Technology Considerations for Telework

Technology is the crux of a successful telework program. Even though workers may be physically separated, they should be able to interact, engage, and share as seamlessly as if they were in the same office. Moreover, all of it needs to be done in a data-secure environment. As you begin to build your telework program, technological requirements should be a substantive part of the conversation.

Unfortunately, there is no specific technology package that underlies a successful telework program.  Each organization, depending on their distinct activities, will find a different mix of technological tools to fit their needs. In light of that, we’ve chosen to highlight some of the more pertinent technological tools for a telework program, as well as a list of some of the providers of these tools. Note, this list is not-exhaustive, technology moves at an incredibly quick pace and new innovations become available constantly. You can stay up to date on useful technologies by following, Fast Company, or other technology news outlets.

Virtual Private Networks and Virtual Desktops

Today’s employees rarely deal with physical documents; most of the work we do remains entirely in the electronic realm. One of the early challenges of teleworking was that an employee would have to be sure and save all the documents they needed at home on some kind of storage drive to transport them back and forth. Another challenge was that when the employee was using these documents at home, undoubtedly connected to the internet, the proprietary documents remained far less secure than at the office.

Virtual private networks (VPNs) and virtual desktop software provide an elegant solution to these problems. VPNs essentially create an encrypted tunnel between two host computers, allowing someone at home to connect directly to the organization’s corporate network. Virtual desktops take this concept one step further and essentially recreate an employee’s office work computer on any computer. This means that not only can an employee access any file from work – whether on their local computer or on the corporate network – but it also gives them access to all their familiar software tools that they may not have on their home computers.

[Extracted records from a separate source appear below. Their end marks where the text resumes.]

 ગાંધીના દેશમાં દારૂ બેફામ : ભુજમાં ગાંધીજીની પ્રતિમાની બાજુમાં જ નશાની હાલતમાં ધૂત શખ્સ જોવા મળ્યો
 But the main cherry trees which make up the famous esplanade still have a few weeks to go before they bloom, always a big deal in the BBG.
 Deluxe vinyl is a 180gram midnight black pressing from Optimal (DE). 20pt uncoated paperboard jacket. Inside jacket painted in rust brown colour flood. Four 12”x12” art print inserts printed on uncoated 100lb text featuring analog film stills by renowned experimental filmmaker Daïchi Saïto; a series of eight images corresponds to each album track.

A less comprehensive option that achieves similar outcomes is software as a service (SaaS) products. Rather than downloading and installing software directly onto a specific computer, SaaS provides an online software environment that can be accessed through any machine using a login. Many products today are only available via SaaS, but others can be purchased in either traditional or SaaS formats. As part of your telework program development, make sure to identify the SaaS options of your key software programs.

Product Options

Video and Web Conferencing Tools

Modern web conferencing tools can be a great way of engaging with a remote team more effectively. Going beyond the conference call, robust teleconferencing tools allow meeting attendees to see each other, as well as share user screens. These capabilities may be a good way for a manager to feel more connected to his or her employees when they are not in the office. Screen sharing can be a great alternative to a meeting room white board, displaying meeting notes or ideas in real time. It can also allow a team to make presentations or showcase a website or web resource from a remote location.

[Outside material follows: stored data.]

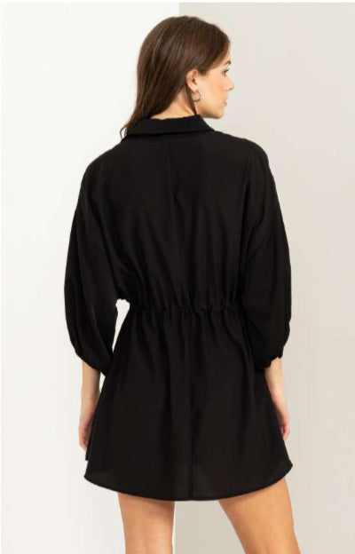 Long Sleeve Cinched Waist Button Up Shirt/Dress
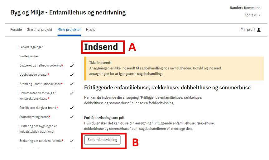 Tryk Forhåndsvisning (B) hvis du vil se ansøgningen inden den endelig indsendelse.
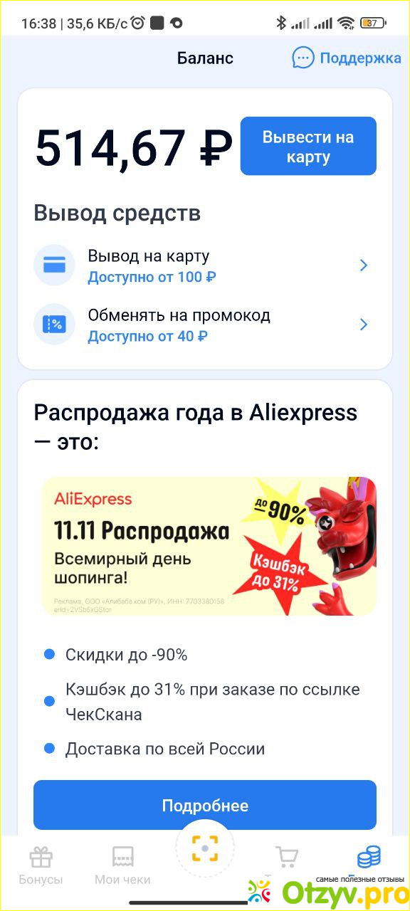 Если магазин входит в программу, то за это капнет 1 рубль. Сперва я сомневалась, стоит ли вообще овчинка выделки, как говорится. Потому что с чека рубль всего… Но на деле постепенно пока сканишь то один, то второй чек, так потихоньку сумма и набежит. Главное не забывать. Мне пока нравится приложение, думаю дальше буду пользоваться.
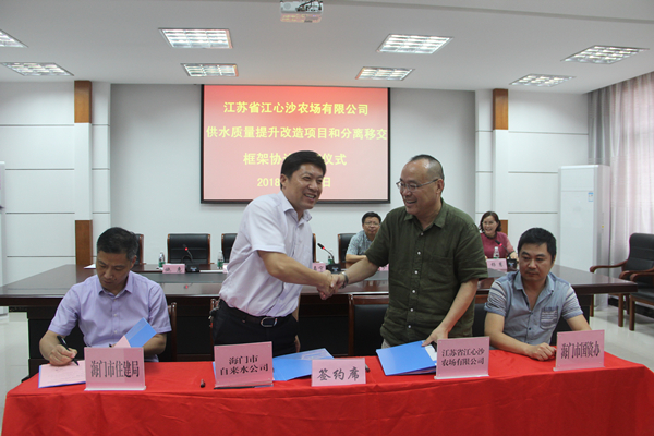 沈雪松表示,非常榮幸能夠見證江心沙農場改革進程中具有里程碑意義的節點和事件。他說,江心沙從地理位置和感情上來講,和海門相濡以沫、唇齒相依,是一家人、一體化的。多年以來,場地之間一直相互支持、相互配合,共同促進、共同發展。現根據上級要求,作為住建系統,有責任有義務支持好江心沙的每一項改革。此前,海門市自來水公司與江心沙也進行了多次的磋商,前期工作已基本就緒,到了成熟階段。今天正式簽訂框架協議,標志著江心沙供水質量提升改造工程正式拉開了序幕。希望市自來水公司在以后的具體施工過程中,精心組織,按照時間節點,高質量高標準完成場域供水改造工程。

Keep in mind that unlike conference calls, web conferencing software runs over the internet, so all users must have a reasonably solid connection to make it work; nothing will lower productivity more than a web conference with poor audio and video quality. Having a video component also requires that each individual have a working web camera.

Product Options

Online Collaboration Tools

Encouraging collaboration can be an elusive objective even when everyone is sitting in the same office, and teleworking simply adds another layer to that complex challenge. Luckily, there are now numerous computer-based collaboration tools that foster dialogue between groups and allow easier sharing of documents and projects.  While web and video conferencing can be useful for specific meetings or presentations, broader collaboration tools are designed for constant use among employees. These tools range dramatically – from instant messaging tools to project management software – and, like other software options, your choice will have to address the particular needs of your teams.